Por Manuel Vicent |
Cuando se escarba un poco en el suelo en cualquier lugar del planeta a veces aparece un cráneo que puede ser de homínido, de primate, de cromañón, de neandertal. O de un compañero de la oficina. A pocos metros bajo tierra yacen todos los sueños de la humanidad en los miles de millones de cráneos que permanecen enterrados desde el inicio de la historia. El laboratorio dictamina su antigüedad, pero lo que diferencia a unos cráneos de otros no es el tiempo que han pasado bajo tierra dormidos sino los sueños que en su día albergaron.
Entre todos ellos uno fue el primero en soplar por el hueco de una caña y al comprobar que esa acción producía un sonido placentero siguió soplando sin saber que en esos siete tonos musicales ya estaba incluido todo Mozart.

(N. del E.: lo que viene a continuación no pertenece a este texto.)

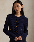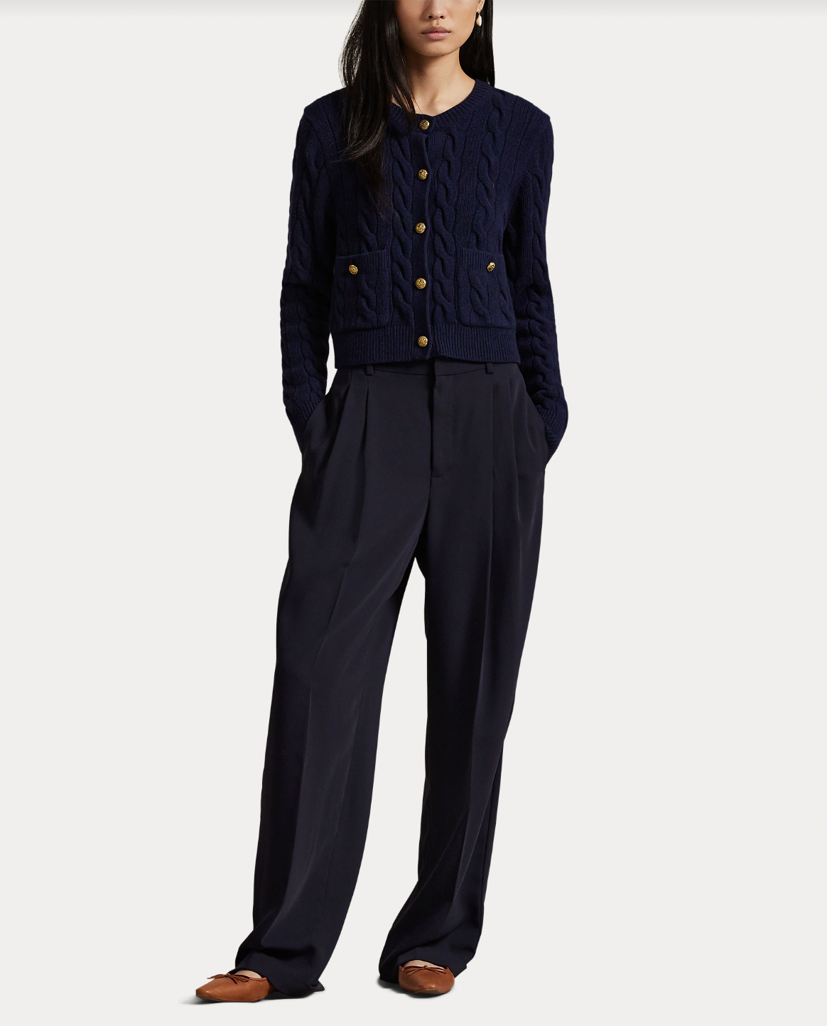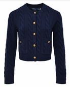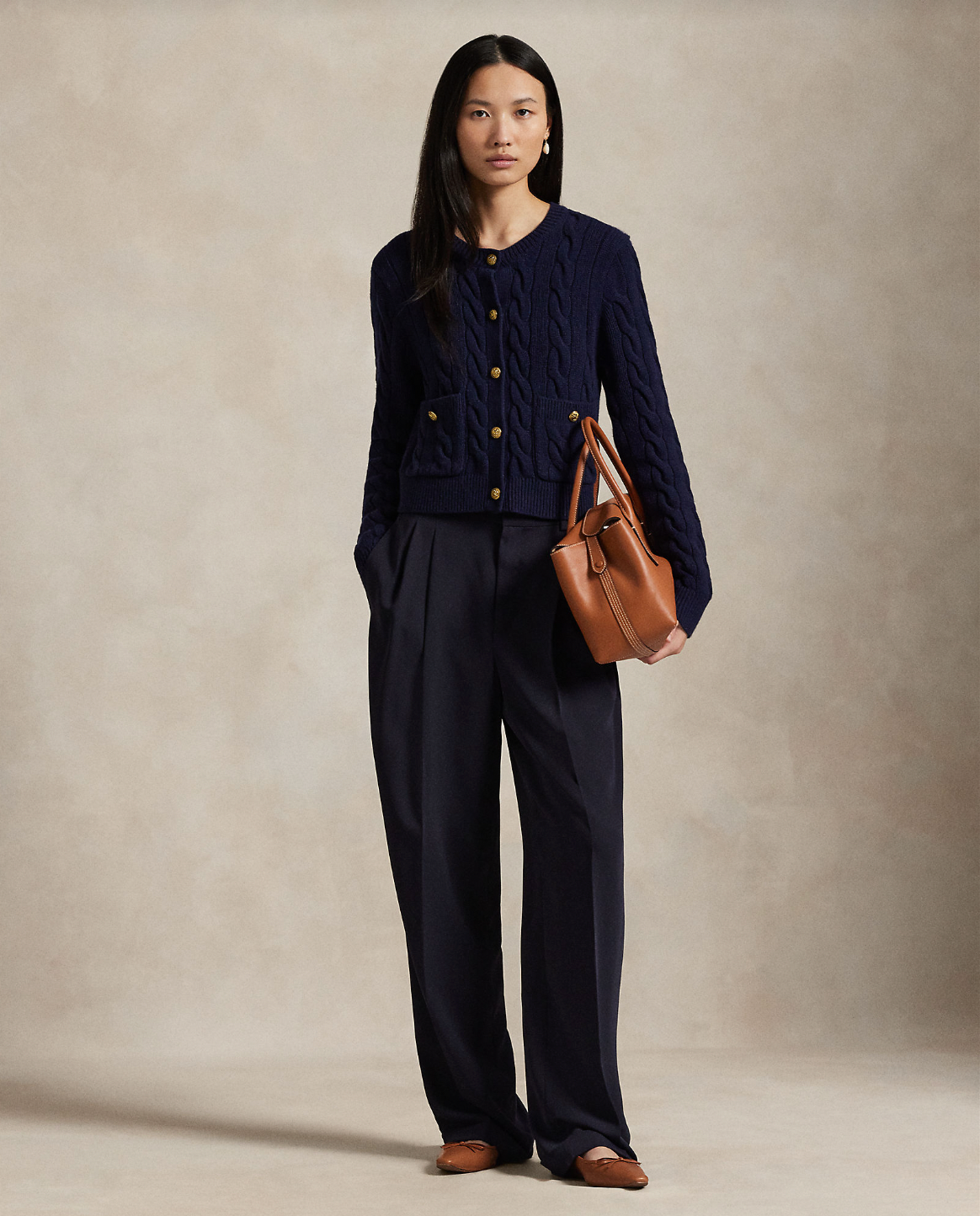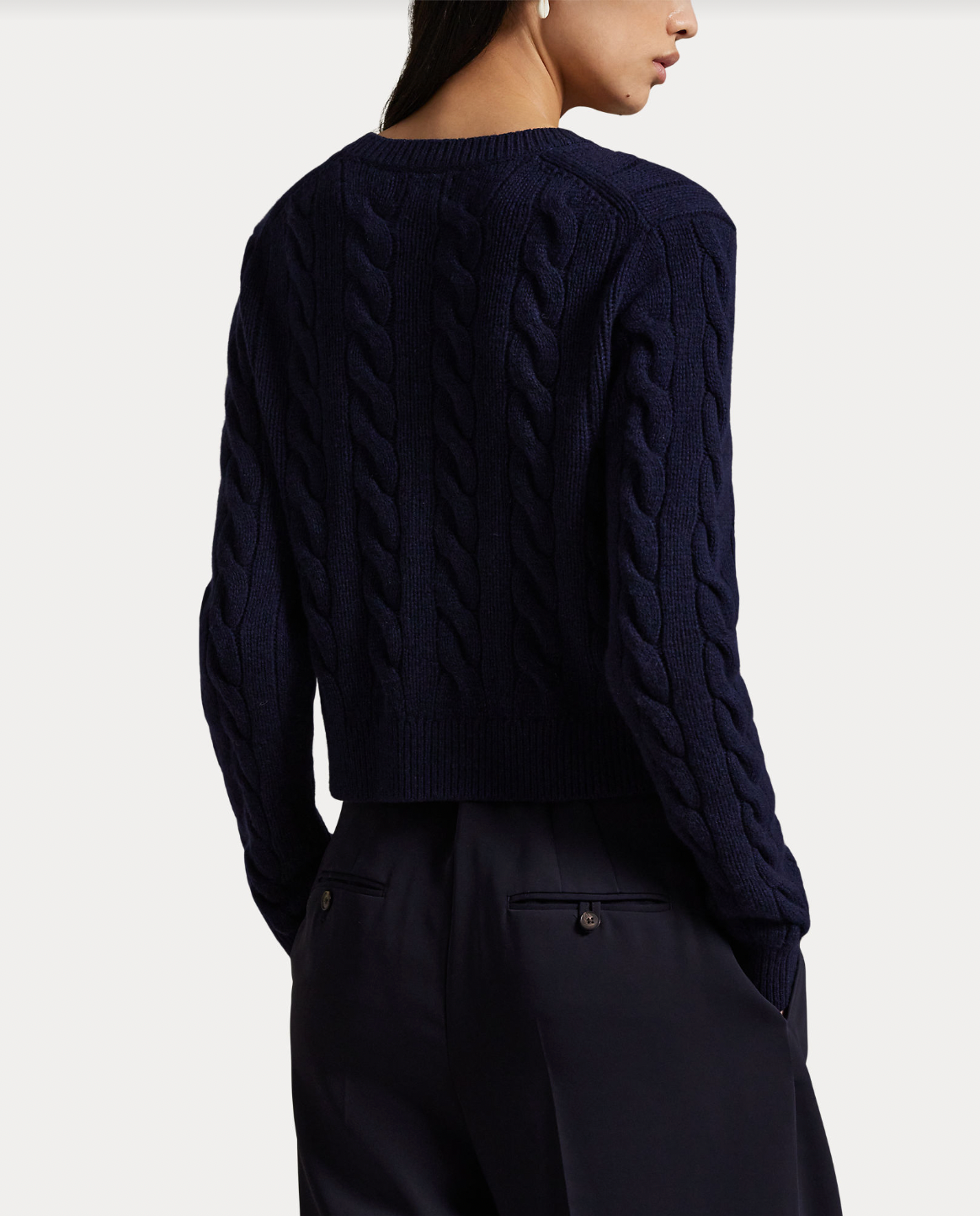 Nydelig mørkeblå cardigan fra Polo strikket i en blanding av ull og kashmir. Jakken er kabelstrikket og har et klassisk snitt med graverte messingknapper –et signaturbilde av den klassiske cardiganen.

Otro fue el primero en dibujar en la pared de la gruta la imagen de un venado. En los trazos de esa figura ya estaba incluido todo Picasso.
Otro fue el primero en agitar las caderas convulsivamente como un millón de años después lo harían Josephine Baker y Elvis Presley o en expresar un delicado sentimiento con los pies y los brazos sin ser todavía Margot Fonteyn.

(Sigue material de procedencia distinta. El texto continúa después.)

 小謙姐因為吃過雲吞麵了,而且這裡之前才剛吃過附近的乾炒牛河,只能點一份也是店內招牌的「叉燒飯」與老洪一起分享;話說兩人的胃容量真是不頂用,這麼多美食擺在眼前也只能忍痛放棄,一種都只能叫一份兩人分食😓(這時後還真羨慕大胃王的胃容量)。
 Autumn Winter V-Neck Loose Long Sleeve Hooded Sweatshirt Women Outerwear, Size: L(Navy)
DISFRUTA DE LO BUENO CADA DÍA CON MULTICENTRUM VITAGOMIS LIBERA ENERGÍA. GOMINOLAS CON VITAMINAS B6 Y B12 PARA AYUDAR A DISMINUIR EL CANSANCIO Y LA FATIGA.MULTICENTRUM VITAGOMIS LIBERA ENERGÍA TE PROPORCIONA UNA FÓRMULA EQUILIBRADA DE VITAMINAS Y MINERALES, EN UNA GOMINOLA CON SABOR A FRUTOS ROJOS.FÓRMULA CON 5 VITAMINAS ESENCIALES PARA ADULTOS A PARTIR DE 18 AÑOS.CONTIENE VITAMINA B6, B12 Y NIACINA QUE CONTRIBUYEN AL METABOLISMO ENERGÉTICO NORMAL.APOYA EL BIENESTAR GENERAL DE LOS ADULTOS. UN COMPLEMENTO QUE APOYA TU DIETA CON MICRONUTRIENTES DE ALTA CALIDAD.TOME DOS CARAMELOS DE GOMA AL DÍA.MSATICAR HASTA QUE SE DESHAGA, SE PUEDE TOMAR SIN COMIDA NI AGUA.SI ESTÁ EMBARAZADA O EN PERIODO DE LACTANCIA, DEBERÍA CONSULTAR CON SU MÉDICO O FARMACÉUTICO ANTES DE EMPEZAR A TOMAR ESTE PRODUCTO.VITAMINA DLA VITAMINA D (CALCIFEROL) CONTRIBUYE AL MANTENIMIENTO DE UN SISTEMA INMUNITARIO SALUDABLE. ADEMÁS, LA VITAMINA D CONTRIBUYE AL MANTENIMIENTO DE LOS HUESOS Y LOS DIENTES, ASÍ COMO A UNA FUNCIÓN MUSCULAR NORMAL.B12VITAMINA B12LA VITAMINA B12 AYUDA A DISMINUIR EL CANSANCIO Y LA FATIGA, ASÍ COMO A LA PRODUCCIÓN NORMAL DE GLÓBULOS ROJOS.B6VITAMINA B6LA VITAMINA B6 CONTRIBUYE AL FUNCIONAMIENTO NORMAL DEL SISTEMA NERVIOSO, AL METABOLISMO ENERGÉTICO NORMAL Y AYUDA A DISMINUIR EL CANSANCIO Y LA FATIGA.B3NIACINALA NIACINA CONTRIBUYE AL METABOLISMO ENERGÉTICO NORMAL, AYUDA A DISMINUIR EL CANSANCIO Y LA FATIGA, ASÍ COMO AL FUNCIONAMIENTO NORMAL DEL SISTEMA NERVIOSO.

Uno de ellos fue el primero en montar una piedra sobre otra piedra y a su manera ya había comenzado a construir el Partenón.
Cualquiera de esos cráneos pudo pertenecer a alguien que fue el primero en balbucir un canto rítmico o en grabar con el dedo un signo en una tablilla de barro. El sueño de la belleza sigue enterrado en cada cráneo a la espera de germinar con una semilla nueva. Ninguna batalla de la historia ni hazaña de los héroes ha dejado rastro sobre la tierra, salvo el caudal de sangre que ha provocado.
Solo el arte ha dado sentido a la caótica aventura de la vida y cuando esta se extinga, más allá de la crueldad humana, el sueño de belleza aún seguirá siendo el único motivo para sentirse orgulloso de haber pasado por este perro mundo.